Beyond The Camera: What The UN Secretary‑General Dialogues Reveal About Multilateralism

Yara ElBehairy

The televised “interactive dialogues” with the candidates for the next United Nations Secretary-General are more than a ceremonial ritual; they are a test of how well the UN can groom leadership that can hold member states accountable while still operating within the constraints of a fractured security council and a strained budget. As four contenders (Michelle Bachelet of Chile, Rafael Grossi of Argentina, Rebeca Grynspan of Costa Rica, and Macky Sall of Senegal) present their visions before the General Assembly, the stakes extend well beyond who occupies the 38th floor of UN Headquarters starting 1 January 2027. Their performances are shaping expectations about the kind of leadership the UN will project in an era of cascading wars, climate disruptions, and institutional distrust.

A Litmus Test for Reform and Legitimacy

The dialogues are structured around two core strands: each candidate’s leadership record and their approach to the UN’s three pillars: peace and security, sustainable development, and human rights. Member states and civil society representatives are using these sessions to probe how ready the hopefuls are to advance reforms that improve the UN’s delivery, coherence, and fiscal discipline, even as major powers resist bold system‑wide changes. In this sense, the exchanges are less about personalities and more about the kind of compact between the UN bureaucracy on one side, and governments on the other, that the next chief will be able and willing to negotiate.

The format also signals a subtle shift in the politics of legitimacy. By broadcasting the dialogues live and inviting civil society to question candidates, the UN is attempting to show that the selection process is not a closed club of the Security Council permanent five but a broader political conversation. If the incoming Secretary‑General can credibly claim that he or she has been tested before a wide audience, that may strengthen the office’s moral authority, even if the eventual appointment still depends on ad hoc compromises among the veto‑wielding powers.

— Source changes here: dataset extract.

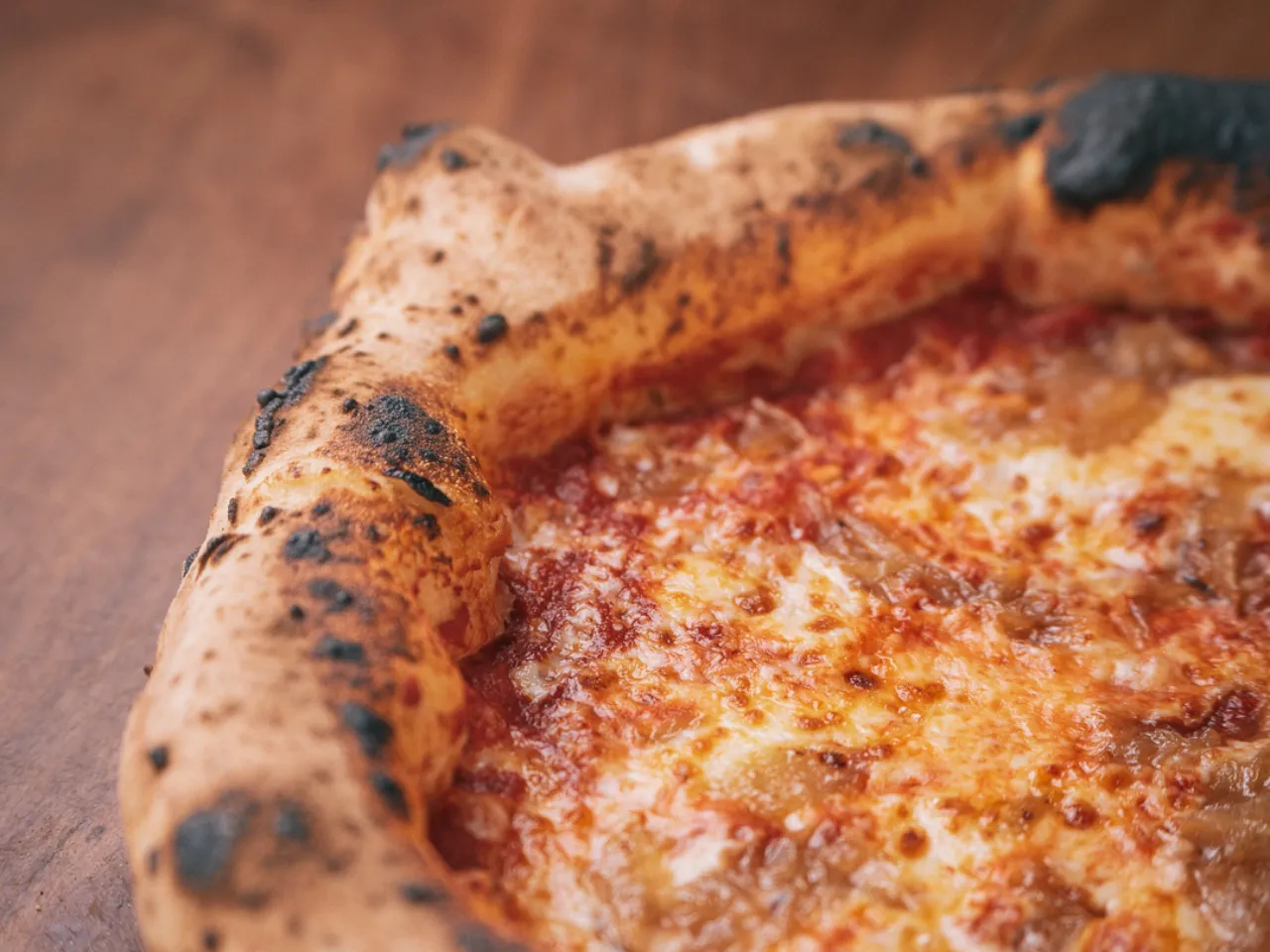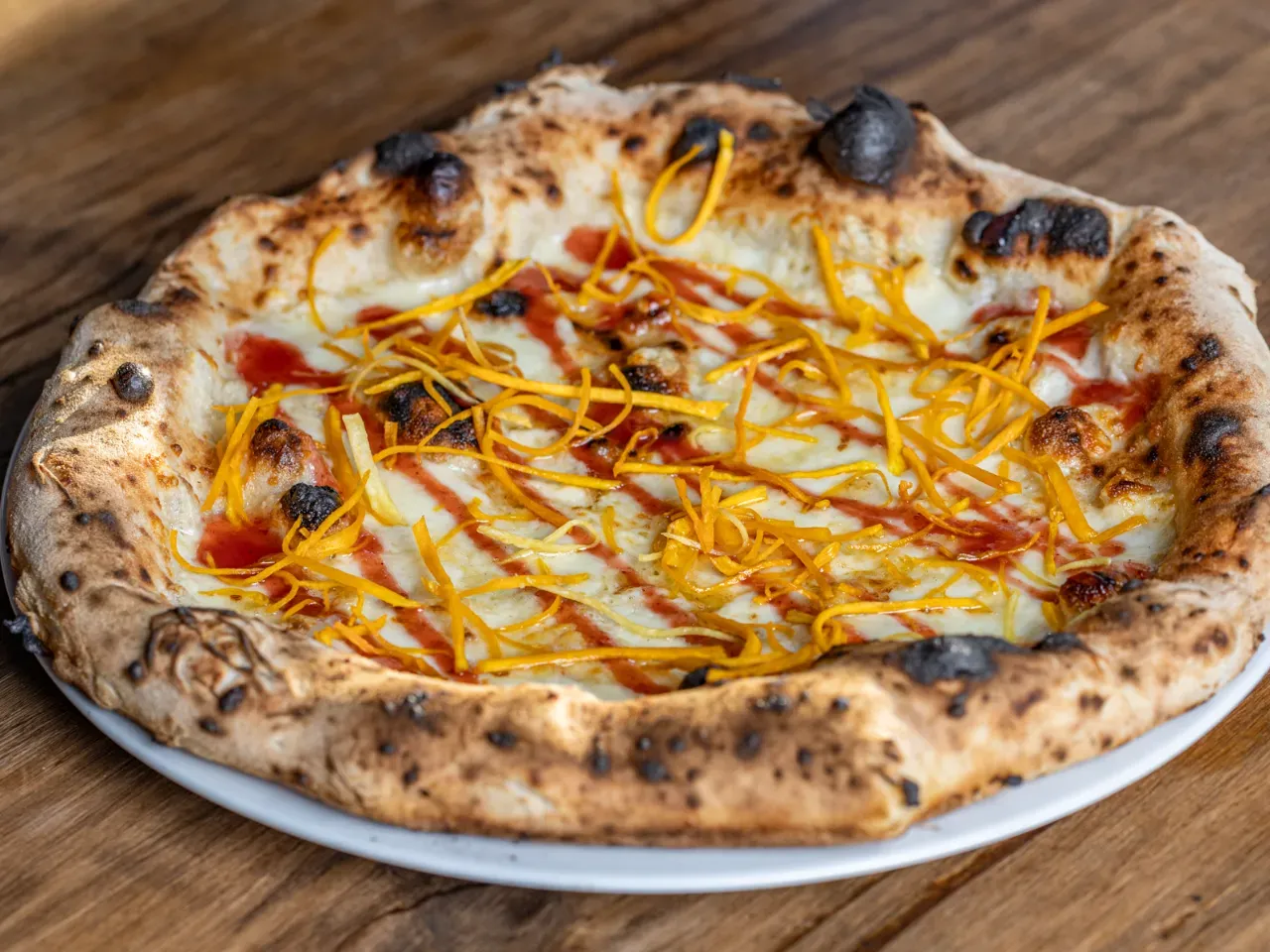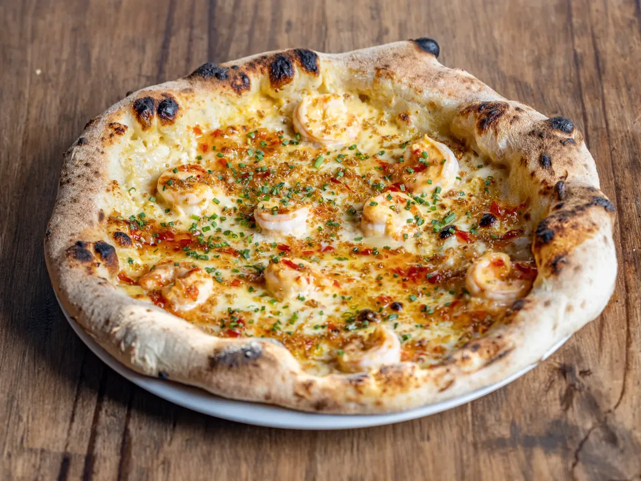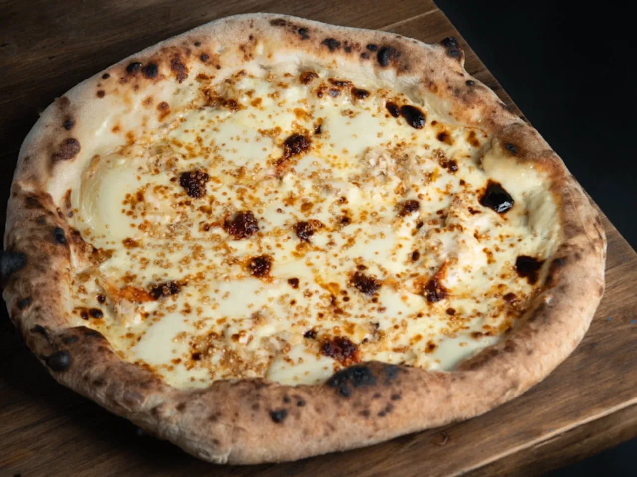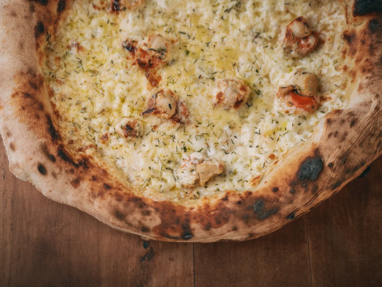 Pizza con base de Fondu de queso parmesano Grana Padano (Italia), Queso provolone, Queso Mozzarella, Jaiba , Nduja, Quinoa Crocante y Vino Blanco

Leadership Profiles Under the Microscope

Michelle Bachelet, a former Chilean president and ex‑UN High Commissioner for Human Rights, brings a profile weighted heavily toward human‑rights and gender‑equality advocacy, which may appeal to progressive member states but also raise sensitivities among some Security Council members. Rafael Grossi, currently at the helm of the International Atomic Energy Agency, is highlighting his technical‑diplomatic experience in managing high‑stakes security and regulatory issues, framing himself as a figure who can bridge the gap between technical agencies and political decision‑makers. Rebeca Grynspan, head of UNCTAD, is emphasizing her track record in trade and development, including her role in brokering the Ukraine‑linked grain deal, to argue that she can sharpen the UN’s economic and crisis‑response tools. Macky Sall, the former president of Senegal, is positioning himself as a representative voice from Africa, arguing that regional balance and local legitimacy are essential for the UN’s global credibility.

These profiles are not just resumes; they are proxies for different ideas of what the UN should prioritize in the next decade. A candidate with a strong human‑rights background may push harder on accountability in conflict zones, while one with a security‑ and technical‑agency background may prioritize arms‑control and crisis‑management machinery. How the dialogues channel these inclinations into concrete policy preferences will shape the expectations of both member states and civil society once a new Secretary‑General is in office.

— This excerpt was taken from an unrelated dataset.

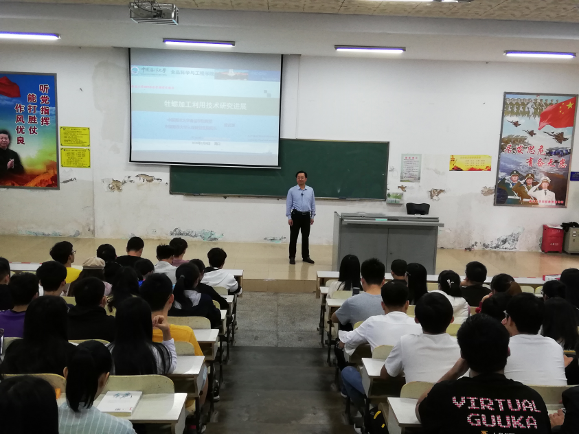 曾名湧教授主要介绍了(1)我国牡蛎资源状况、国内外牡蛎加工现状、牡蛎壳利用技术进展、牡蛎蛋白利用技术进展以及牡蛎活性肽研究进展;(2)其课题组在牡蛎加工方面所做的研究工作,包括牡蛎壳和牡蛎软体(肉)的产品开发、牡蛎组分中蛋白活性肽和多糖的功能性进研究,并介绍了下一步将在牡蛎多糖和牡蛎加工制品的内源性安全危害因子方面进行深入研究;(3)目前牡蛎研究及牡蛎加工产业遇到的瓶颈,对牡蛎的发展前景进行了预测。同学们认真听取了曾教授的精彩报告,课堂氛围活跃,取得了良好的效果,老师们和同学们均受益匪浅。报告结束时,同学们对曾教授的精彩讲授报以热烈的掌声,授课取得圆满成功。

The Limits of Public Scrutiny

Despite the transparency of the televised format, the dialogues cannot fully override the structural constraints of the UN system. The Security Council retains the decisive power to veto or block candidates, meaning the contest is ultimately negotiated behind the scenes as much as it is performed on camera. Some analyses suggest that the real test of the contenders’ leadership will come not in their polished opening statements but in how they respond to politically charged questions about power politics, geopolitical rivalry, and the limits of international law.

Equally, the live‑broadcast mechanism may encourage candidates to avoid candid answers on the most sensitive issues, such as the role of veto powers in blocking peace actions or the financial shortfalls facing peacekeeping and development programmes. This tension, between the demand for transparency and the need for political prudence, reveals the tight rope the next Secretary‑General must walk: balancing public legitimacy with the realities of intergovernmental bargaining.

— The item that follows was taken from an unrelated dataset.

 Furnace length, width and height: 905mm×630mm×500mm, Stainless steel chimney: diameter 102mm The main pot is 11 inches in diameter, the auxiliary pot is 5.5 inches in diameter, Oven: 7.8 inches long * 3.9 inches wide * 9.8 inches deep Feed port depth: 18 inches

A Signal for the Future of Multilateralism

The outcome of the 2026 Secretary‑General race will send a signal about the direction major powers want multilateralism to take. If the successful candidate is someone who emphasizes conflict mediation, institutional coherence, and disciplined reform, member states may be signalling that they want a more agile, results‑oriented UN, even one that operates under tighter fiscal and political constraints. If, by contrast, the choice reflects a preference for status‑quo leadership or symbolic representation over transformative reform, the organization risks being seen as adapting less to the turmoil of the 21st century and more to the inertia of its own power structures.

A Final Note

The interactive dialogues are not merely a selection exercise; they are a rehearsal for the kind of leadership the UN will need in the years ahead. How the candidates frame coherence, accountability, and representation, along with how member states react, will hint at whether the UN can become a more effective, credible actor in an age of global disorder, or whether it will remain a forum constrained by the very states it is meant to hold accountable.